:: Records ::

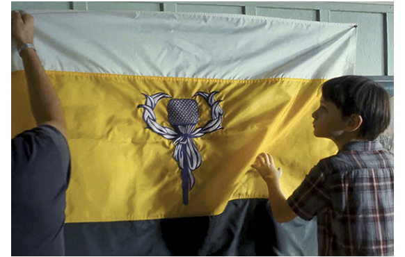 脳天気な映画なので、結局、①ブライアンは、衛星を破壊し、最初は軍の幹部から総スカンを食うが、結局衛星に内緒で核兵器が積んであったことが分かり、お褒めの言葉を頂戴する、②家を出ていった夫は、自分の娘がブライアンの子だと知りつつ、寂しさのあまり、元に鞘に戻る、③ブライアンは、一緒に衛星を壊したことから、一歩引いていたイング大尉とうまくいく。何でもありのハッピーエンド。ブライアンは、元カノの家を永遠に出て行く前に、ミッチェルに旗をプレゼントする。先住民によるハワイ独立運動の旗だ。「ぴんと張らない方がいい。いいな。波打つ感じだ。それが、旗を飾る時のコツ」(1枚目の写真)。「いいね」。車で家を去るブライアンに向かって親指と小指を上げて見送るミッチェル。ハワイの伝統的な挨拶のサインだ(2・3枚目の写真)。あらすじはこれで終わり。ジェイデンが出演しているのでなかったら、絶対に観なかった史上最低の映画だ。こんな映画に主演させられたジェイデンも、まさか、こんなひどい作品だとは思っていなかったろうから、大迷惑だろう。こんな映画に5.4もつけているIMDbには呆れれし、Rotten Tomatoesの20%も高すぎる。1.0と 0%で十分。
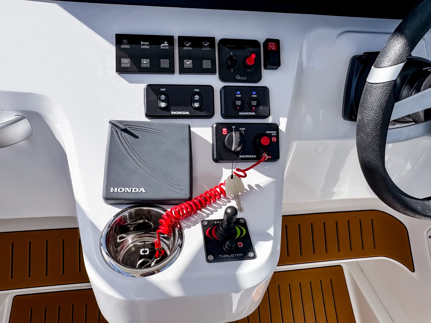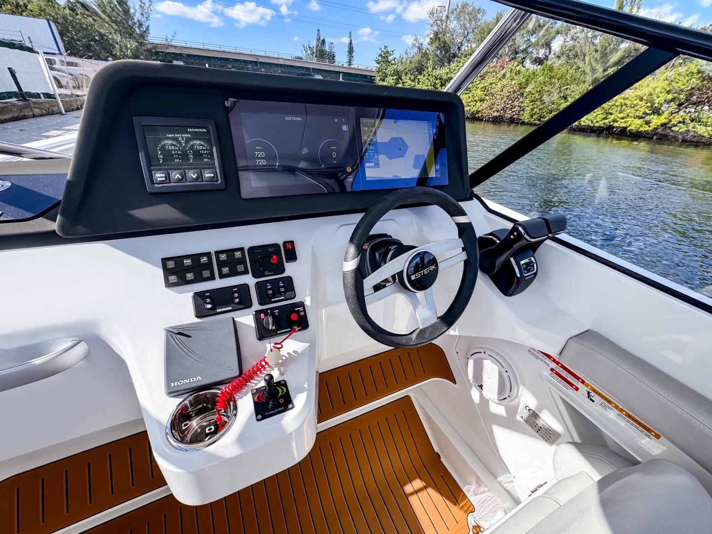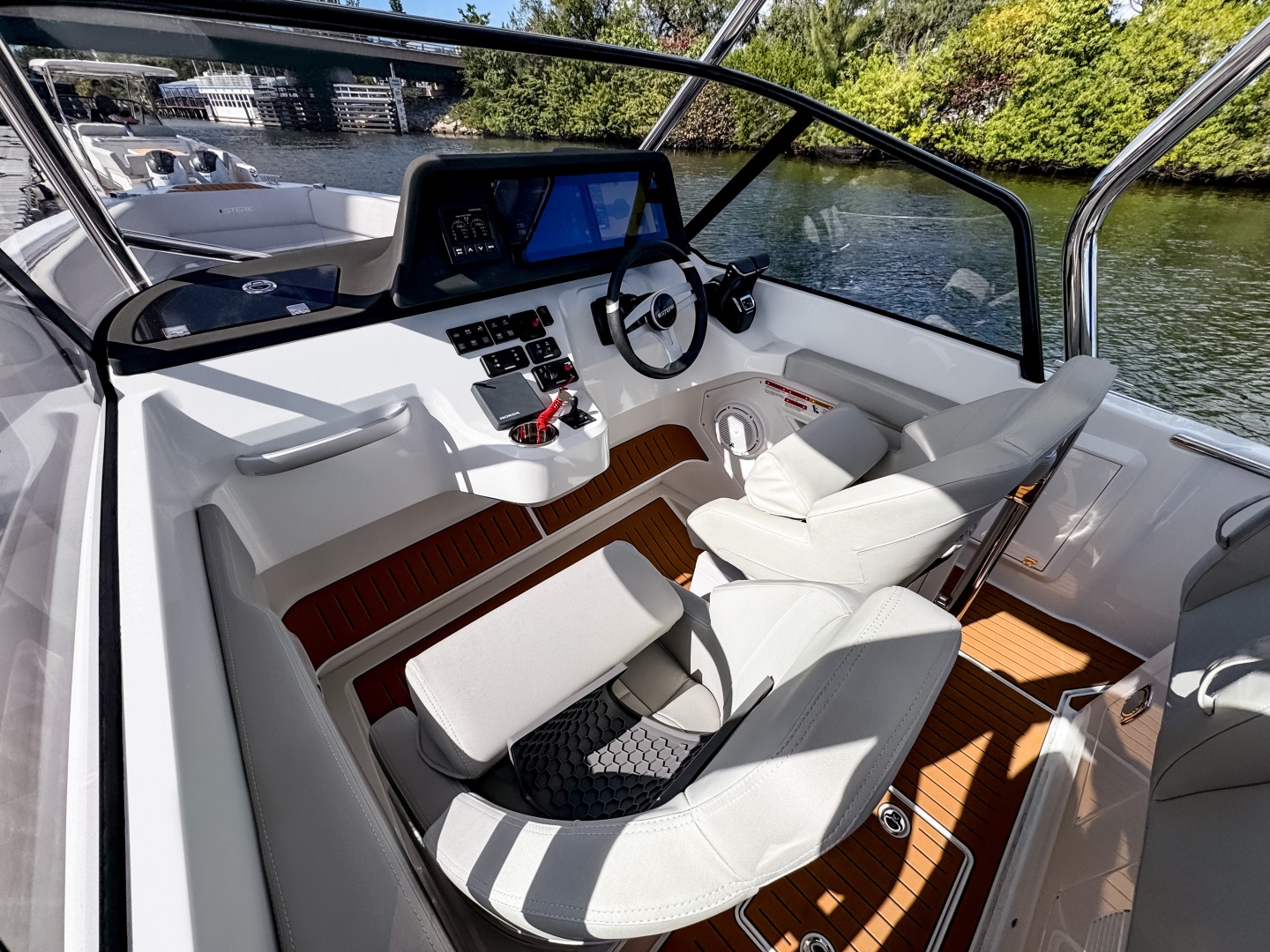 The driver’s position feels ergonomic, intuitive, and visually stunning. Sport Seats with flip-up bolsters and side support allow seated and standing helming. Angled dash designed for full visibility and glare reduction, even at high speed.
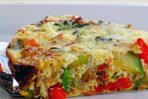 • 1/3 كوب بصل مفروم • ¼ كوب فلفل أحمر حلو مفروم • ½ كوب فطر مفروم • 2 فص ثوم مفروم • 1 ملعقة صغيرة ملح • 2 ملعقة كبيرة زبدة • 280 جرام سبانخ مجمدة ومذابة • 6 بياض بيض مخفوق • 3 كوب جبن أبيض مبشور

:::
:: Records ::

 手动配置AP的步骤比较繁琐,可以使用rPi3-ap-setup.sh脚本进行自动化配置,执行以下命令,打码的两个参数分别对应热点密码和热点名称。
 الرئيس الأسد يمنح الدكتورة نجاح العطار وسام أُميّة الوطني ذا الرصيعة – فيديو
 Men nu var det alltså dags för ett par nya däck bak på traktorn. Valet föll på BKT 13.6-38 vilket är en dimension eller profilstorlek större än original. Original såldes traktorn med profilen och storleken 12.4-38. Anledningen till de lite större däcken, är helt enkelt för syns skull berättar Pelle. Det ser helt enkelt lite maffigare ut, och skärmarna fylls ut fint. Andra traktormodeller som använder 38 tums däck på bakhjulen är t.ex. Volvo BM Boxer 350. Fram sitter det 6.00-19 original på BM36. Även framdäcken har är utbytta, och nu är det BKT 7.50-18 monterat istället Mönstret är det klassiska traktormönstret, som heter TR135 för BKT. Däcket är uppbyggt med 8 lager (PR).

:::
:: Records ::

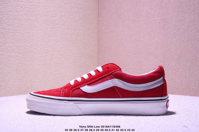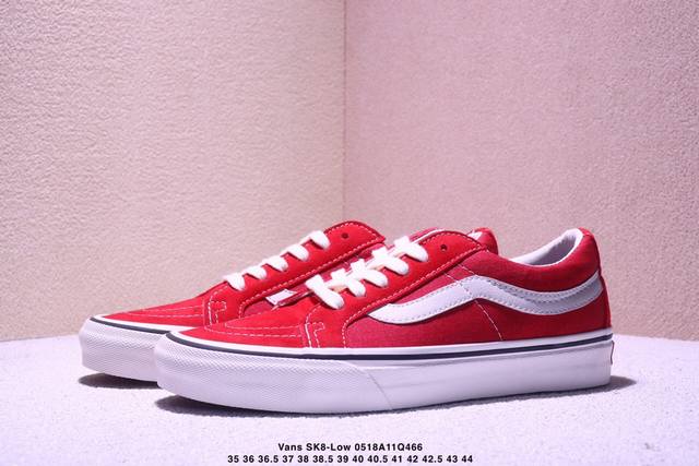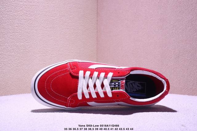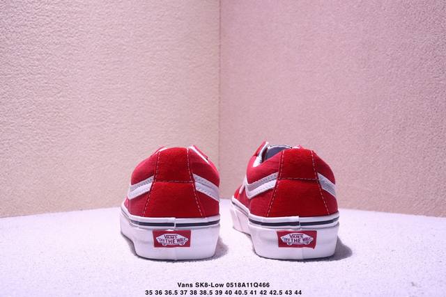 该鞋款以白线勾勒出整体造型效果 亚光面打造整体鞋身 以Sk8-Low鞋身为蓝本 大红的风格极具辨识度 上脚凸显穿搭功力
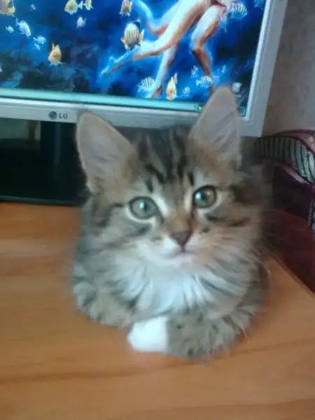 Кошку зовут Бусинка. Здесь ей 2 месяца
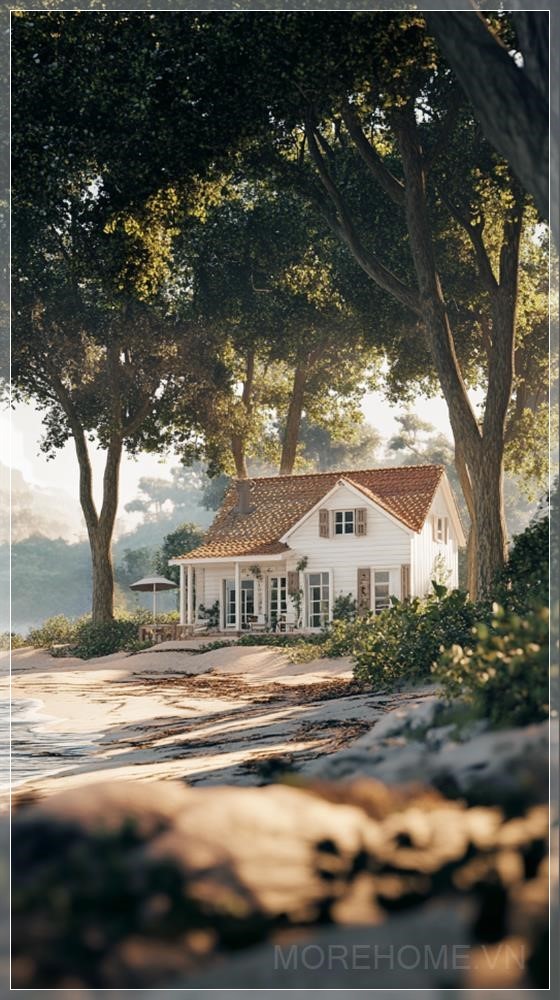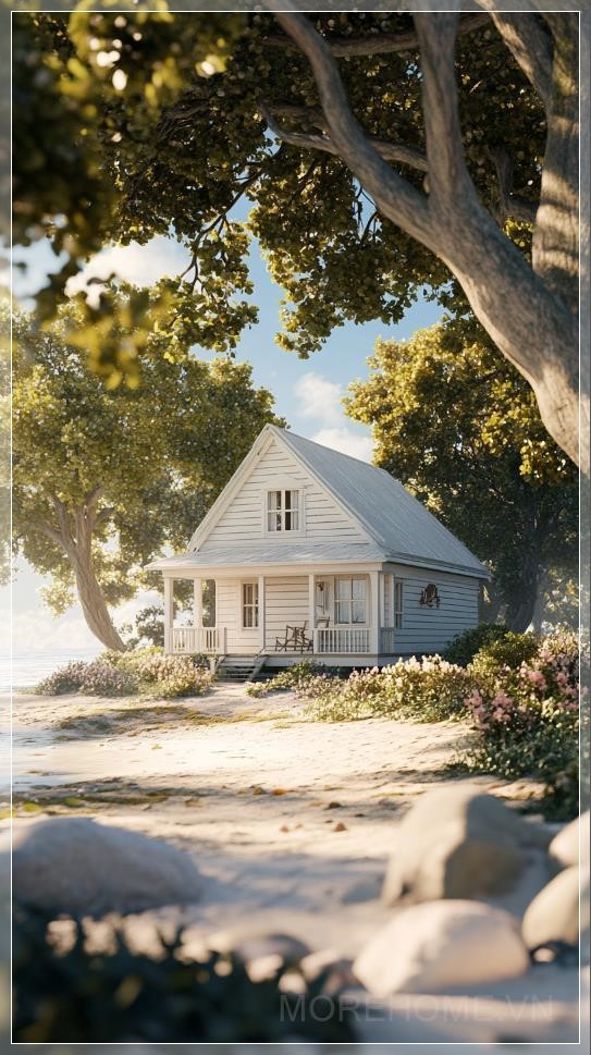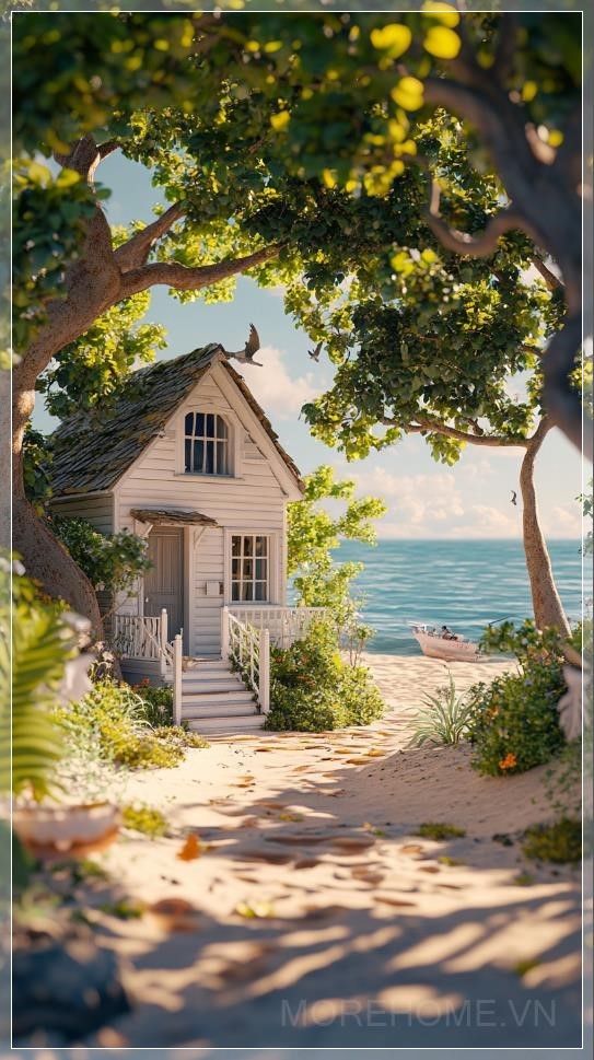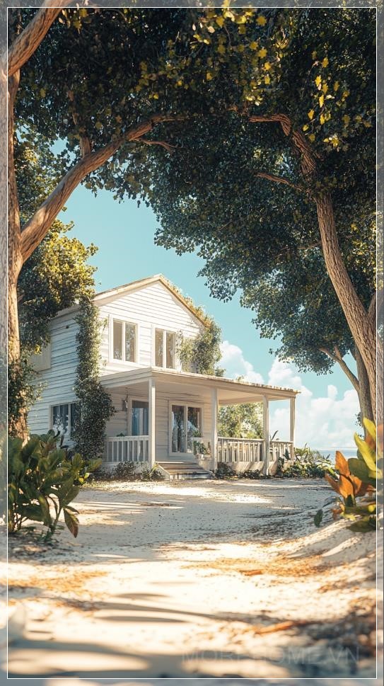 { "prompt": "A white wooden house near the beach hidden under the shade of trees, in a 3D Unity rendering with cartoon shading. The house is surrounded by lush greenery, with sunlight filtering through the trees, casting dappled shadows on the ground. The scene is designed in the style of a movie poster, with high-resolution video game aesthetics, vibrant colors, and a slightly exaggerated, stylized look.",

:::

**Exercise directions:** The data above holds the lines to copy: start at the one with "Кошку зовут Бусинка. Здесь ей 2 месяца", stop at the one with "white wooden house", include both, copy them exactly without pictures, and copy nothing else.

**Answer box:**
 Кошку зовут Бусинка. Здесь ей 2 месяца
 { "prompt": "A white wooden house near the beach hidden under the shade of trees, in a 3D Unity rendering with cartoon shading. The house is surrounded by lush greenery, with sunlight filtering through the trees, casting dappled shadows on the ground. The scene is designed in the style of a movie poster, with high-resolution video game aesthetics, vibrant colors, and a slightly exaggerated, stylized look.",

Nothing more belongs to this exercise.